Declan hesitated. Scarlett and her sister needed help. He knew the Daggers would harm them, especially since their plan had been thwarted. They had to be desperate that they’d lost the cash, drugs, and a sizeable chunk of members. They might take their revenge out on the women. Praying he wasn’t making a mistake, he keyed in the coordinates to his GPS and called Ethan to relay Tyler’s information.
“I’ll give Alex and Dorian a head’s up,” Ethan said as Gage turned at the next light, following the directions from the GPS. “We’ll meet you there.”
He turned in his seat to face Kenzie and Jamal. “When we get there, I want you two to stay in Alex’s SUV, where it’s safe.” He didn’t know if it had the same hidden compartment as Noah’s Escalade, but it was a COBRA Securities vehicle. It’d be safe.
Jamal’s face creased with worry. “You were shot. You should stay there with us,” he insisted.
“It was just a scratch. I’ll be fine.”
#
Scarlett stared at the concrete ceiling as she rested on the worn-out mattress. It’d been a close call, and Leo almost caught her sending the message, but she was able to close the window and open one with a traffic camera feed. She’d convinced him she was trying to locate footage around the storage buildings so he would know exactly what happened. The dunderhead actually believed her.
Though he didn’t divulge details, she knew it was bad. He’d left her door open a crack, and she’d crept close enough to hear him talking to one of the other gang members. The operation had been a colossal failure. All the men at the storage facility had been killed. Counting two that died yesterday, they’d lost eight of their remaining members. They were down to less than ten, counting Leo.

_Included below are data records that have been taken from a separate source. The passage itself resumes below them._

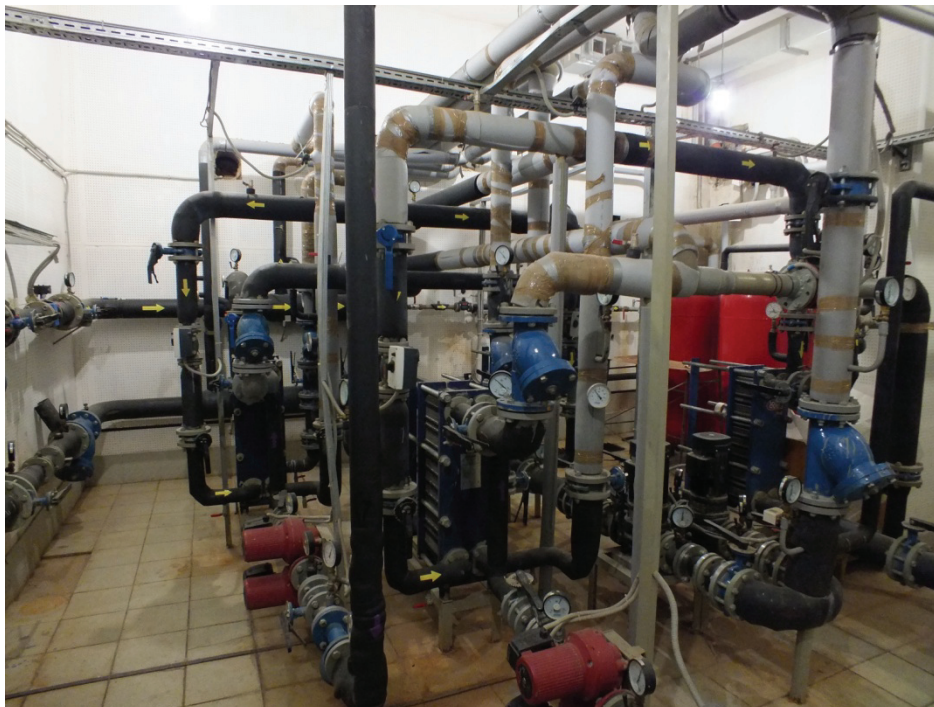
Рисунок 2. Общий вид теплового пункта обследованного здания

притворах. Требуемые по ГОСТ 30494–96 [22] параметры микроклимата в помещениях здания обеспечены. Вместе с тем, в ряде квартир зафиксировано неплотное примыкание притворов светопрозрачных ограждающих конструкций окон и балконных дверей, а также наружных дверей в лестнично-лифтовых узлах, что приводит к избыточным тепловым потерям вследствие инфильтрации воздуха через теплозащитную оболочку здания и снижению его энергоэффективности.
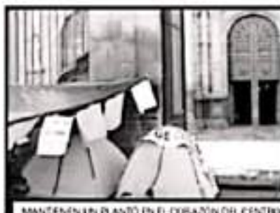
MANTIENEN EN PLÁNTON EN EL CORAZÓN DEL CENTRO
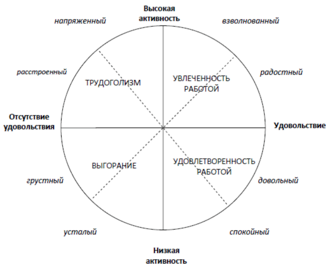
Рис. 2. Типы субъективного профессионального благополучия (Источник: [Bakker, Oerlemans, 2011]).

Классификация типов субъективного профессионального благополучия Арнольда Бейкера (Arnold Bakker) также может служить примером часто цитируемого в зарубежных научных публикациях подхода к выделению типов субъективного благополучия в профессиональной деятельности. Автор предлагает выделять следующие типы благополучия: увлеченность работой, удовлетворенность работой, выгорание, и тудоголизм [Bakker, Oerlemans, 2011]. Предложенная классификация типов (рис. 2) также представляет собой модификацию модели Дж.Рассела и основана на двух критериях: 1) уровень удовлетворенности работой, полюсы оси представлены такими характеристиками, как «удовольствие» и «отсутствие удовольствия»; 2) уровень активности, демонстрируемой человеком в профессиональной деятельности, полюсы оси – высокая и низкая активность.
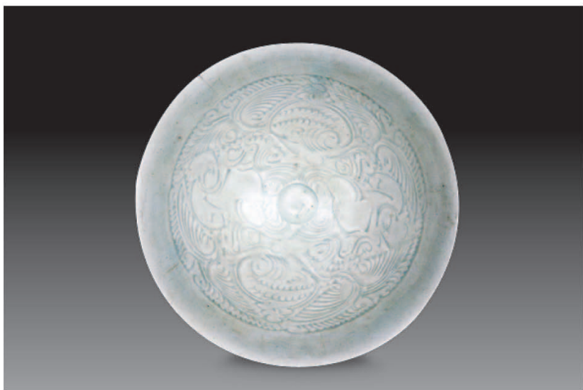
宋影青刻花婴戏莲花纹碗
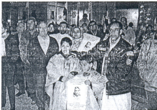
Un momento del encuentro solidario convocado el martes en Trebujena.

En Sanlúcar, la Asociación de Amigos del Pueblo Saharaui La Jaima celebró el martes por la tarde una concentración solidaria de decenas de personas en la céntrica Plaza del Cabildo y explicó ayer públicamente su respaldo a la causa en una rueda de prensa
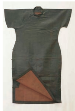
图 1-4 20 世纪 40 年代香云纱单旗袍
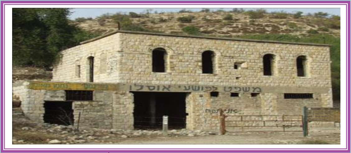
مسجد عين الزيتون حوله الصهانية لحظيرة أبقار
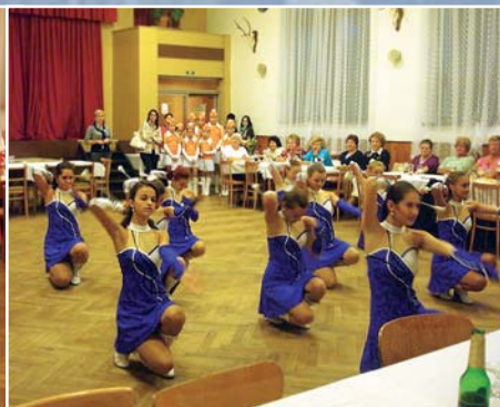
Vystoupení hostěnických boubelek a mažoretek
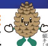
留辺蘂商業振興会 キャラクター 「まつぼう」
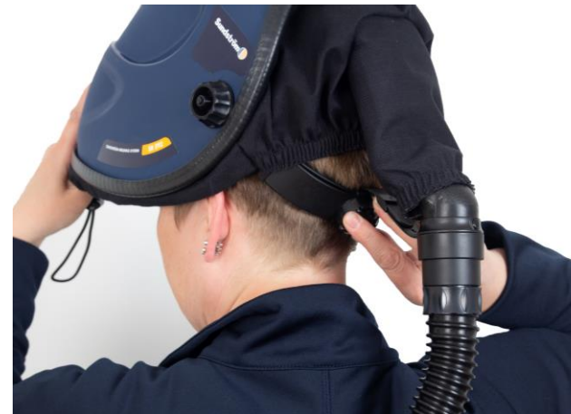
5.4 Justering av vidden på huvudställningen. Inställning av vidden på huvudställningen.
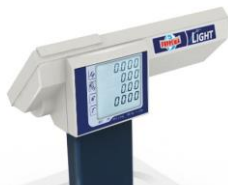
Display cliente 4 righe
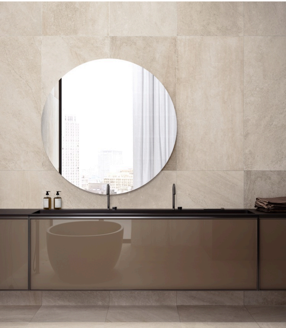
Blended Beige 60 × 120
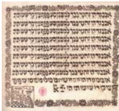
Abeceda pro židovské školy v Čechách, 18. století.

ly, vychovávat k tomu, že nesmí existovat nenávisť.“
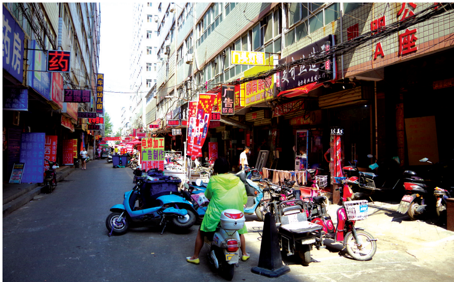
陈寨一条主街道被临街商户占用去一半
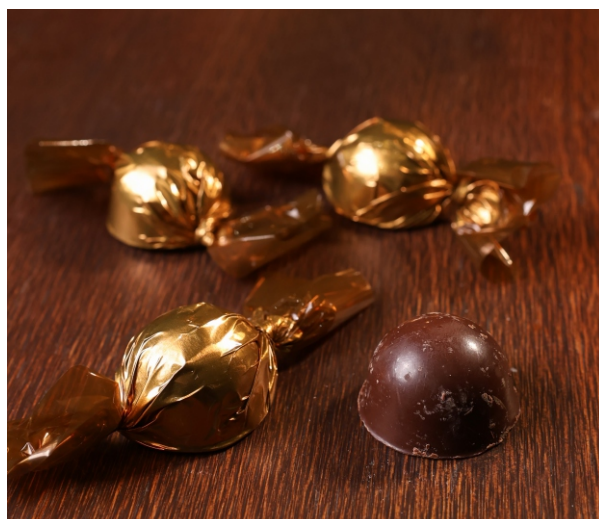
Bombom meio amargo 20g CHOCOLATE MEIO AMARGO 50% CACAU CÓD 1415 - R$ 3,75
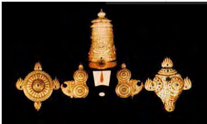
تصویر ۱۹. نشانه‌های ویشنو.
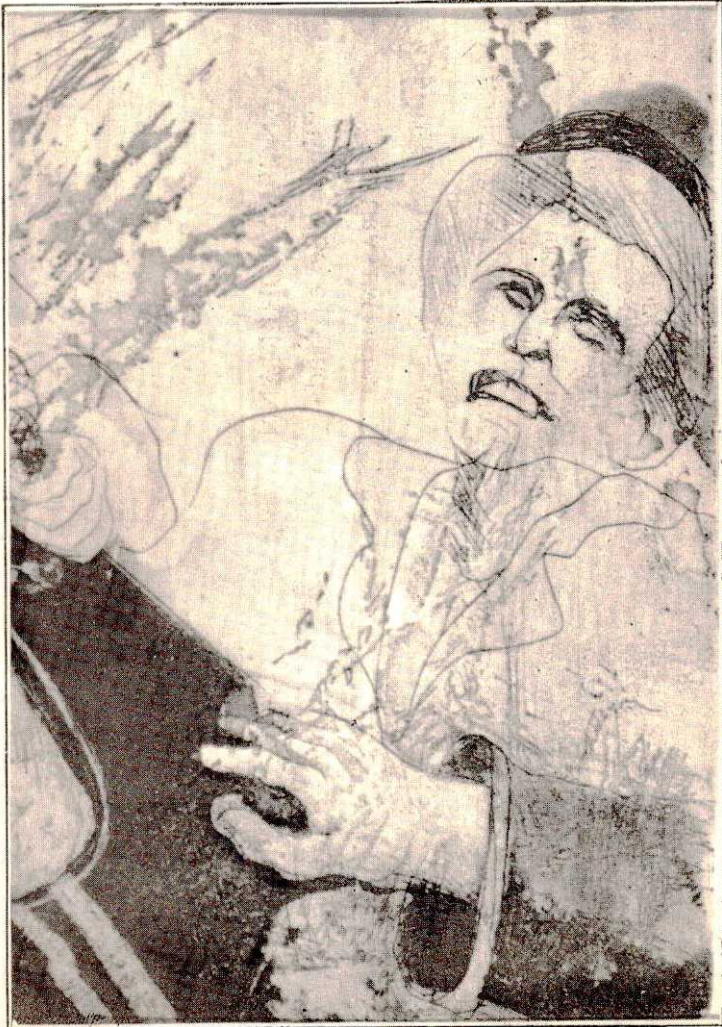
"HERANÇA DE UM DESCONHECIDO" Gravura em metal (30cm X 30cm) DETALHE
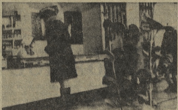
За последние годы материально-техническая база учреждений здравоохранения значительно окрепла. На снимке: в аптеке по проспекту Космонавтов.

Многое предстоит сделать городскому, сельским и поселковым Советам Первоуральска, их исполнительным органам, для того, чтобы выполнить все, что намечается сделать во втором году пятилетки. Депутатам в этой работе отводится огромная роль. Советские люди, горячо и единодушно одобряя намеченную XXV съездом КПСС социально-экономическую программу развития страны, полны решимости воплотить эту программу в жизнь. Подтверждение тому — широкий размах социалистического соревнования за успешное выполнение заданий пятилетки. Долг депутатов, исполкомов Советов всемерно поддерживать это патристическое движение, активно участвовать в нем.
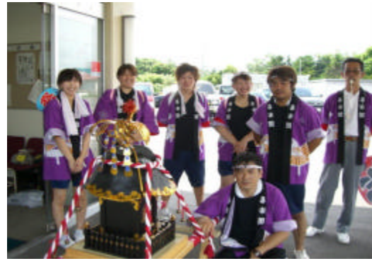
今年のお神輿の面々です。ファイトー！
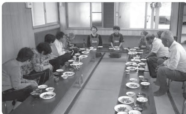
食生活改善ボランティアさんによる会食
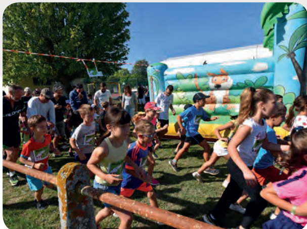
LE FORUM INTERCOMMUNAL DES ASSOCIATIONS à Saint-Martory le 7 septembre.
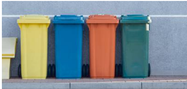
Gmina Garwolin liderem w recyklingu

Wskaźnik ten uzyskano m.in. dzięki regularnym kontrolom
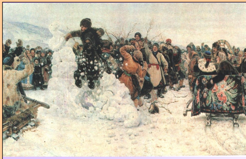
В. СУРИКОВ. «ВЗЯТИЕ СНЕЖНОГО ГОРОДКА»
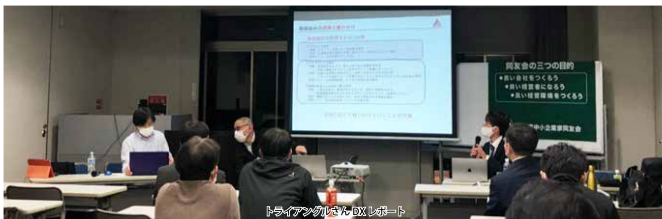
トライアングルさん DXレポート
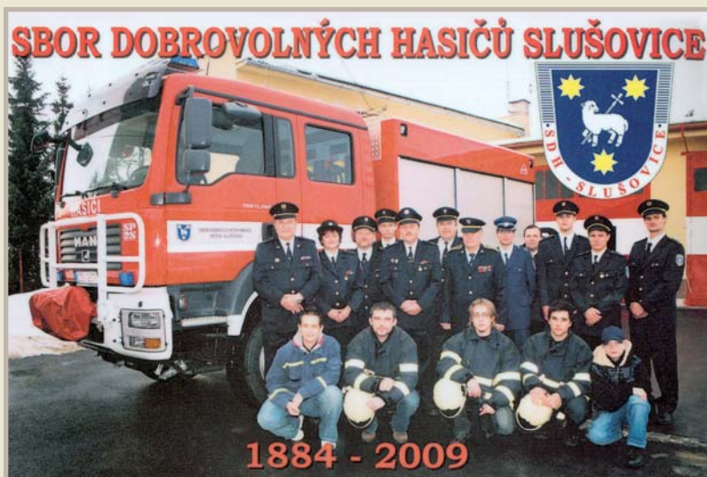
SDH v roce 2009

Při SDH funguje kroužek mladých hasičů, v němž je 18 dětí do 15 let. Na různých hasičských soutěžích reprezentují SDH 3 družstva: družstvo dětí (18 členů), žen (9 členek) a mužů (12 členů).
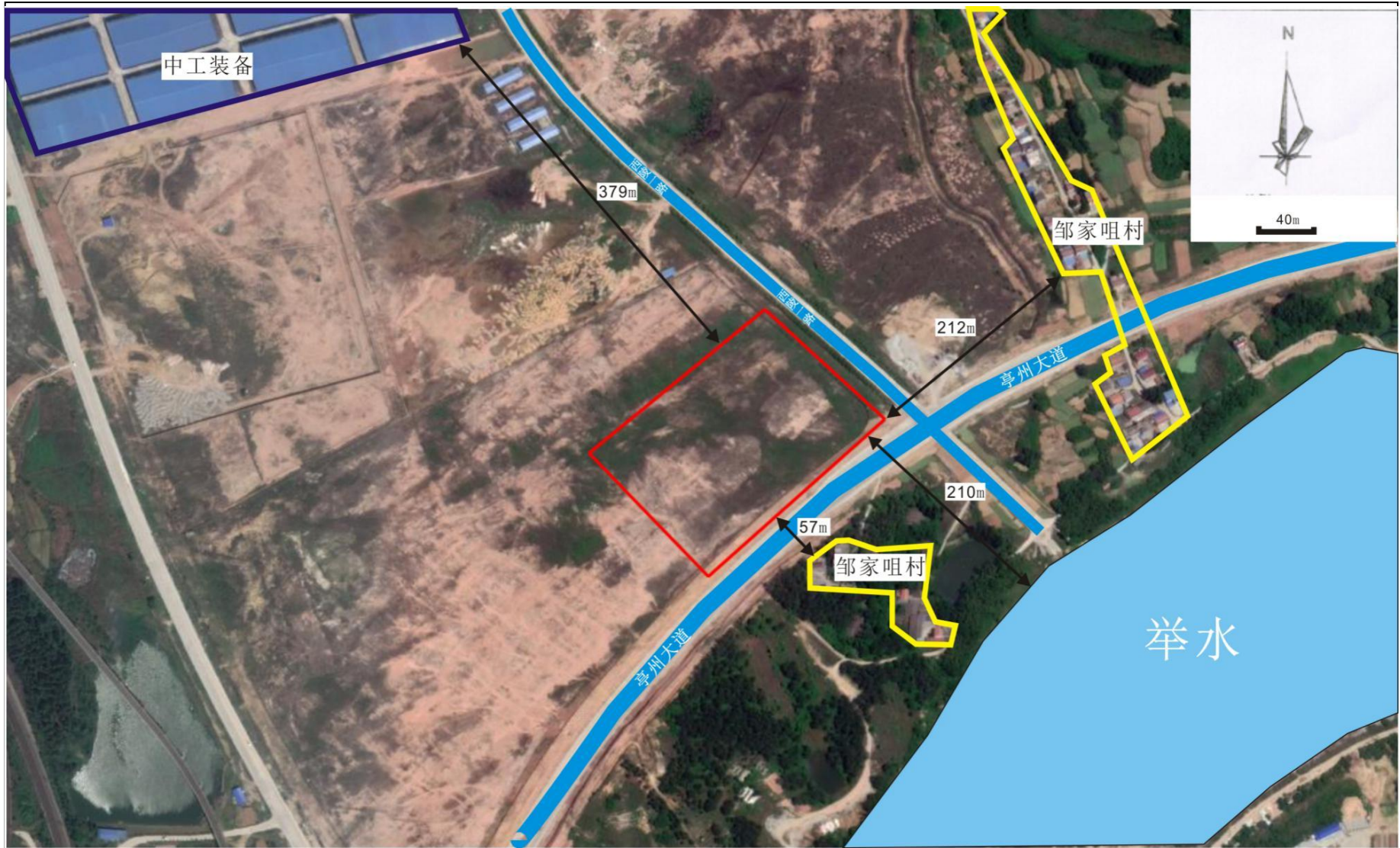
附图 2 项目周边关系示意图
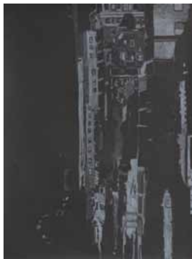
Pascale Hémary Union Square, New York, Série noire # 1, 2016 dessin à la craie blanche sur papier noir 65 x 50 cm (feuille)
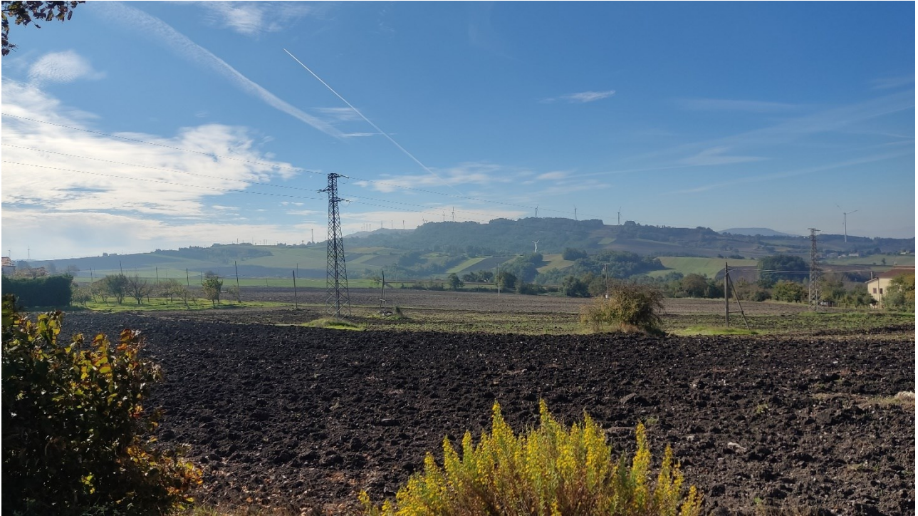
Punto di presa n° 11 - Stato di Fatto
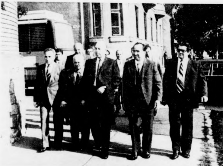
Vendégek és vendéglátók a megyei rendőr-főkapitányság előtt

Délután a román belügyminiszter és küldöttsége Pocsaj-Esztrába utazott, ahol a
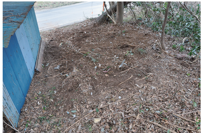
⑥ 8トレンチ 埋め戻し完了状況（南東から）
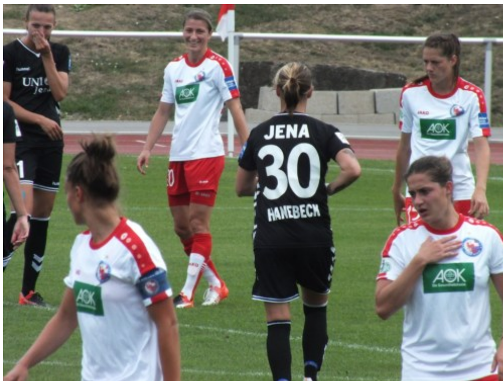
Die Es-10 von TP
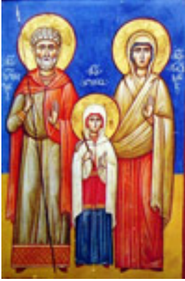
Οι Άγιοι Ζαβουλών και Σωσσάνη μαζί με την Αγία Νίνα
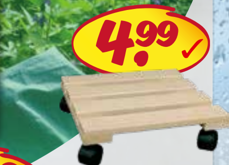
Pflanzenroller ca. 30x30 cm, aus stabilem Buchenholz, mit 4 Rollen, Tragkraft 120 kg
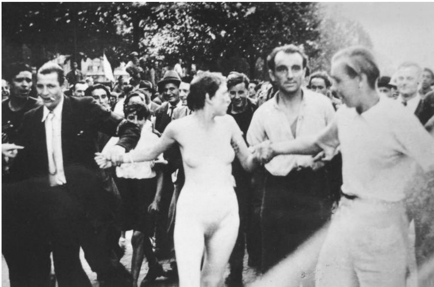
Agnès Geoffray, Libération, 2011 dyptich, photographs, 22x34 cm

interessano, attraverso la loro instabilità e il loro significato fugace. Le immagini circolano malgrado loro stesse. Mi piace ripensare la circolazione delle immagini, tra i loro diversi status: come immagini, soggetti, immagini oggetto e immagini mentali.
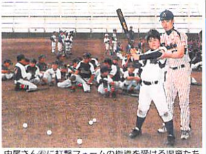
中尾さん心打撃フォームの指導を受ける児童たち

プロの技を間近で 野球教室、児童個人学ぶ 五所川原 少年野球教室を開いた。児童たちはプロ野 6月28日、五所川原市「つがる克雪ドーム」で、大四郎弘理事長は、球の元ヤクルトスワローズ選手から打撃
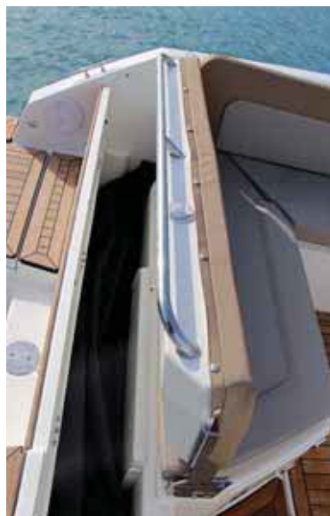
Incluye un ingenioso cofre transversal para estibar el bimini.

Junto al puesto de gobierno incluye una escalera estrecha.
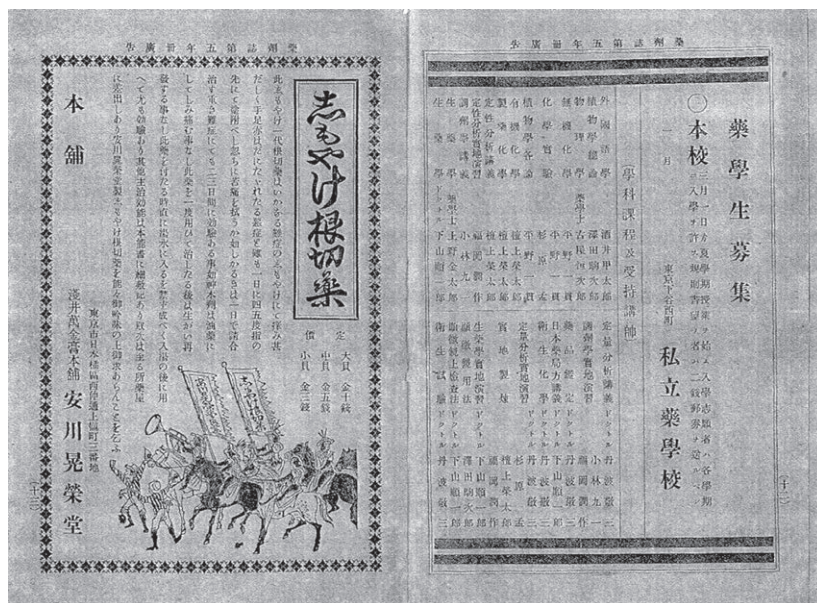
図4 『薬剤誌』第46号（明治26年3月20日付）広告
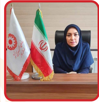
پیام مدیرکل بهزیستی استان ایلام
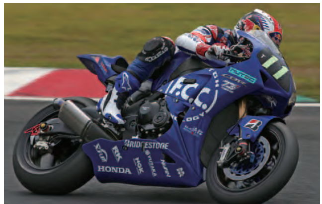
2013年鈴鹿8耐 F.C.C. TSR Honda
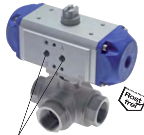
für Namuranschluss und IG

Achtung: Bei hohen Medientemperaturen muss der Antrieb ggf. gekühlt werden!
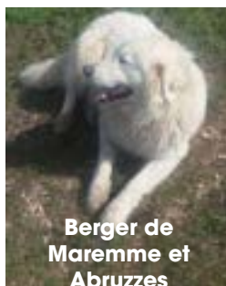
Berger de Mareme et Abruzzes
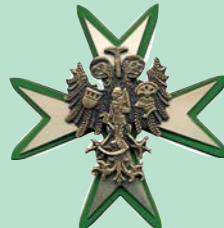
Goldenes Verdienstkreuz des Stadtverband Kölner Schützen
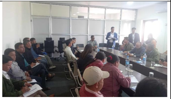
योजना तर्जुमा गोष्ठीको विषयगत समिति छलफल
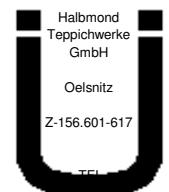
Emissionsgeprüfter Bodenbelag nach DIBT-Grundsätzen

Technische Veränderungen, die der Qualitätsverbesserung dienen, behalten wir uns vor. Bei Velour-Teppichböden können in seltenen Fällen - ohne die Gebrauchstauglichkeit zu beeinträchtigen - bleibende Schattierungen (Shading) auftreten, deren Ursache nicht material- oder konstruktionsbedingt ist. Hierfür kann deshalb keine Gewährleistung übernommen werden.

It would be the best time to escape while their failure distracted them, but she wasn’t leaving without her little sister.
Had her message gone through to the security company? And if so, would they believe her? Scarlett wished she had her computer with her to dig into their background. She knew she could hack their website, though they seemed highly cautious, and she probably wouldn’t find anything they didn’t expect her to discover.
Her heart had thumped in anticipation when Leo and the other man left with her door ajar. Scarlett had started to leap off the bed when footsteps sounded, and then the door slammed closed. She felt like it was a door slamming on her chances of leaving the warehouse alive.
She only hoped that someone at COBRA Securities read her plea, believed her, and came riding in on white horses to rescue Ruby first and then her. Hey, a girl could dream.